Jantung Salman Alfarisi berdegup kencang selama menunggu jawaban dari pujaan hatinya itu. Tak hanya itu, Abu Darda pun ikut gelisah menunggu jawabannya. Kemudian, setelah beberapa saat, Ibu sang gadis membuka suara untuk mewakili isi hati putrinya.

"Mohon maaf kami perlu berterus terang" kalimat itu membuat Salman dan Abu Darda gelisah dan khawatir menunggu kalimat berikutnya.

"Namun, karena kalian datang dengan niat karena Allah, saya ingin menyampaikan bahwa putri kami akan menjawab iya, jika Abu Darda juga memliki keinginan yang sama seperti Salman Al Farisi."

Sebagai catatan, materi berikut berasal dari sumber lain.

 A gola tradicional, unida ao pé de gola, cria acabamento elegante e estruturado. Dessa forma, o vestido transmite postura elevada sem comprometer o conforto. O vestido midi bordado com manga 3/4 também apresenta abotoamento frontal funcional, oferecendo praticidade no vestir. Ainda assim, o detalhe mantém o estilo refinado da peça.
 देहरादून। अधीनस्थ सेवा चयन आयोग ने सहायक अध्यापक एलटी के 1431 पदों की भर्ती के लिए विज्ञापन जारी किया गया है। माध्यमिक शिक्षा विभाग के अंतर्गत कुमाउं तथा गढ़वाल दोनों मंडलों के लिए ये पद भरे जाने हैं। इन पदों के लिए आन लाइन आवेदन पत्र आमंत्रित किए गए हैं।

Takdir Allah berkehendak lain, Abu Darda yang hanya sebagai pendamping yang mendampingi Salman justru diharapkan oleh gadis pujaan Salman. Cinta suci Salman bertepuk sebelah tangan. Rahasia Allah memang tak pernah diketahui sebelumnya.

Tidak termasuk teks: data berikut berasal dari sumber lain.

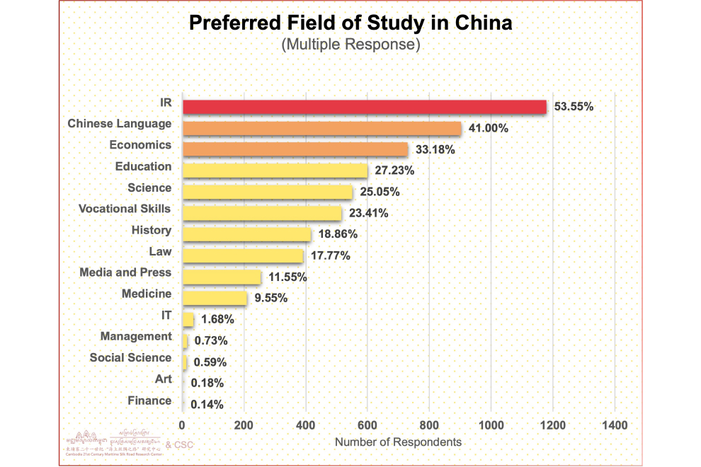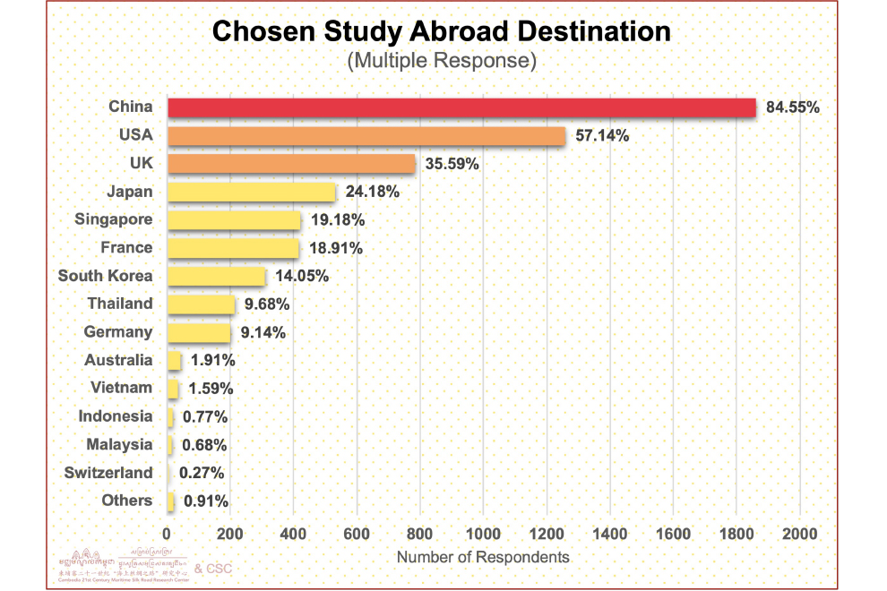 When it comes to higher education, China stands out as the top choice for Cambodian youth, with 84.55% of respondents expressing a desire to study there. This preference is driven by several factors. First, China offers a wide range of scholarships that make higher education more accessible to students from developing countries. Second, Chinese universities are increasingly recognised for their academic excellence, particularly in fields like international relations, economics and education — areas that align closely with Cambodia’s development priorities.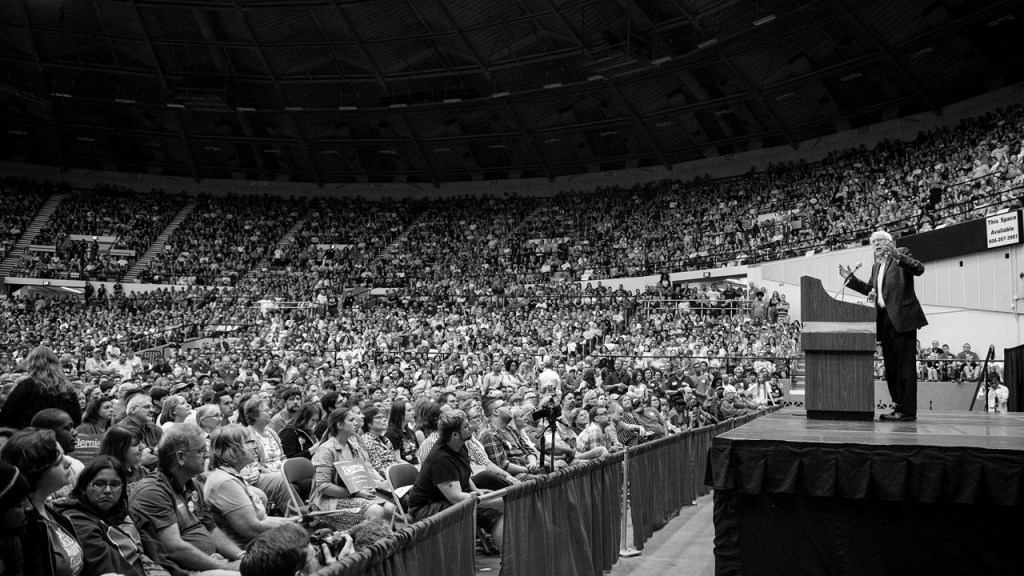 De pie y firme, erguido y emocionado, divisando a sus escuchas desde la tarima del auditorio de la Universidad Estatal de Iowa, se encuentra el candidato de las primarias por el Partido Demócrata de los Estados Unidos, el senador independiente de Vermont Bernie Sanders. Se distingue al político ajustando los últimos detalles de su postura, organizando sus papeles en el atrio y aspirando el aire a ser convertido en las palabras de apertura de su discurso. Se apresta a dirigirse a un extasiado público en su mayoría conformado por estudiantes y en medio de un atronador aplauso generalizado que produce una algarabía contagiosa. La expectativa es palpable y el candidato no decepciona a ningún presente. Su frase de arranque conforma nada menos que un heroico grito de guerra: “¿Están listos para hacer una revolución?” El reto extendido por el político es aceptado por la audiencia, evidenciando su deseo de ingresar a las filas con la irradiación de un atronador e inconfundible: “¡Yeah!”

Tak seperti kebanyakan laki-laki yang akan bersikap tidak baik karena hatinya hancur berkeping-keping oleh sahabatnya sendiri, Salman justru menunjukkan sikap bijaknya. Ia menjawab jawaban tersebut dengan bertakbir "Allahu akbar". Ia terlihat gembira dalam ketegarannya menerima kenyataan. Tanpa rasa sakit hati dan ikhlas, ia pun memberikan semua harta yang ia siapkan kepada Abu Darda untuk meminang putri tersebut. Ia juga bersedia menjadi saksi pernikahan mereka. Jelas Sulis panjang lebar kepada Pira.
***

"Masya Allah, sungguh cinta Salman Al Farisi bukan cinta karena nafsu. Tetapi cnta karena Allah yang siap menerima ketentuan yang diberikan-Nya sepahit apapun itu."

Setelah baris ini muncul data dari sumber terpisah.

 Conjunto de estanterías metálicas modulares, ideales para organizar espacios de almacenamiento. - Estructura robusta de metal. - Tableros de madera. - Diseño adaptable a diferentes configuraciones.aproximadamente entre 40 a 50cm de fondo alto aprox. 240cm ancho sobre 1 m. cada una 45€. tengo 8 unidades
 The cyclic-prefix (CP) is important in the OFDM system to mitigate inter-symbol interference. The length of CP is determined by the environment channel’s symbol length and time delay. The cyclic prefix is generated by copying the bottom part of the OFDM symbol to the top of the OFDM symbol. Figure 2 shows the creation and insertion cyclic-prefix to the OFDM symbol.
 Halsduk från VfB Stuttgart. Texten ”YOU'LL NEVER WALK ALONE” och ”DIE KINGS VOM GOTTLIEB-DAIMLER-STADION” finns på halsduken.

"Iya, benar Pira. Kasus yang ada di dalam kisah Salman sangat mirip dengan kisahmu sekarang. Hanya saja, bedanya yang harus bersikap seperti Salman adalah Intan. Intan yang mungkin tak sekuat dan setegar Salman Al Farisi."

"Iya Sulis, semoga Intan dapat meneladani kisah Salman Al Farisi. Bagaimana kalau kamu menceritkan kisah ini kepada Intan terlebih dahulu. Kemudian, aku akan menceritakan takdir yang Allah berikan untuknya agar ia dapat menerima dengan hati yang lapang dan tidak mempengaruhi pertemanan kami."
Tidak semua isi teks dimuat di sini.